Tiny Proteins, Getting Sorted Out

I last wrote about the world of tiny proteins here, but there’s a lot more going on now. To recap, the “official” figure for the number of human genes that code for proteins is between 19 and 20 thousand (I think that the current number is 19,370). I can never think about such figures without remembering the days in the late 1990s when the rush to sequence the human genome was on. Younger observers may not realize it, but the estimates at the time for how many such genes there would be invariably ran much, much higher than that number. It’s a monument to our times that the USPTO received far more gene patent applications than the number of genes that actually turned out to exist.

But that number is in the end artificial, because it’s up to us to decide what a gene is. There are “start” and “stop” codons in the genome, and promoters and enhancers and all sorts of markers in the sequences that tell you that a real open reading frame is coming up (or ending), and you can of course look for the mRNA that gets transcribed off and the proteins that it gets translated into. But there’s a lot of variety in those things, starting with exons, introns, and splicing variations, leading to some fuzziness about what gets included on the list. A really big cutoff is sheer length: the line is drawn at proteins of 100 amino acids and higher, because it gets harder and harder (computationally) to work with the shorter ones. Longer sequences let you do tremendously useful comparisons for point mutations and other changes that illustrate evolutionary relationships and suggest classes of protein function, but as you go to shorter lengths the statistics get nasty. Too many things look like too many other things! In fact, 15-mer sequences from all human genes match at least one other human gene, and on average any given gene matches over 300 others as 15-mers. The 100-residue cutoff was agreed on to avoid slipping off into this mass of numerical noise.

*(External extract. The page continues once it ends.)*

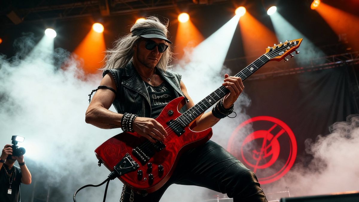 This image captures a dynamic hard-rock musician performing with an electric guitar under dramatic stage lights, fog, and camera flashes.

But that was done for our own convenience, and if molecular biology teaches us anything, it’s that things were not set up for our own convenience. There are, in fact, plenty of very important and active proteins that are shorter than 100 amino acids. To be sure, many of these are produced by cleavage of larger proteins – as witness the beta-amyloid protein of Alzheimer’s fame, 40 or so contentious amino acids excised from the middle of a 751-amino acid precursor protein. But there are real proteins that are truly coded for down there at those lengths, and now there’s a coordinated international effort to try to get a handle on them. As that article shows, after a winnowing process there are now over seven thousand candidates from a close study of short mRNAs associated with ribosomes, and the next step is to figure out how many of these actually get turned into functional proteins. And then there’s the “figure out that function” part, which will keep everyone occupied.

The headline on that piece is very likely correct, though – this is really unexplored biology, and there’s every expectation that we will find out some interesting and important things by dealing with it systematically. It’s believed that the real action will be in between the current 100-residue cutoff down to about fifty residues, since it’s believed that below that level it’s harder for proteins to keep defined structures. But there will no doubt be exceptions to that, with particularly strong or favorable interactions holding things together even in shorter cases.

While this is going on, it’s also worth considering the usual disconnects between biomolecules of this sort and small molecule drugs. I got to thinking about this while my (then-future) wife and I were dating years ago. We were both working at the same (now-vanished) drug company in New Jersey, she in the molecular biology labs and I over in med-chem territory. Sequencing was a strenuous work process in those days (mid-1990s) involving whopping big gels, high voltages, and finicky software, as was all of molecular biology by today’s standards. I remember her talking about tiny little DNA fragments, pesky little oligos of (say) 100 base pairs, as if they were ant-sized objects at the edge of visibility. I started thinking of a 100-base-pair stretch of DNA, and immediately got a mental picture of a double helix about a yard wide stretching off through the ceiling and up taller than the trees. That’s because I tend to think of my molecules as being roughly 12 to 18 inches wide in front of me, like I’m holding a plate or a cooking dish, so by the time you picture two hydrogen-bonded base pairs and the sugar/phosphate backbones (small molecules in themselves), that’s roughly the scale. Huge, in other words, considering that one base pair’s worth of molecule is plenty large by med-chem standards.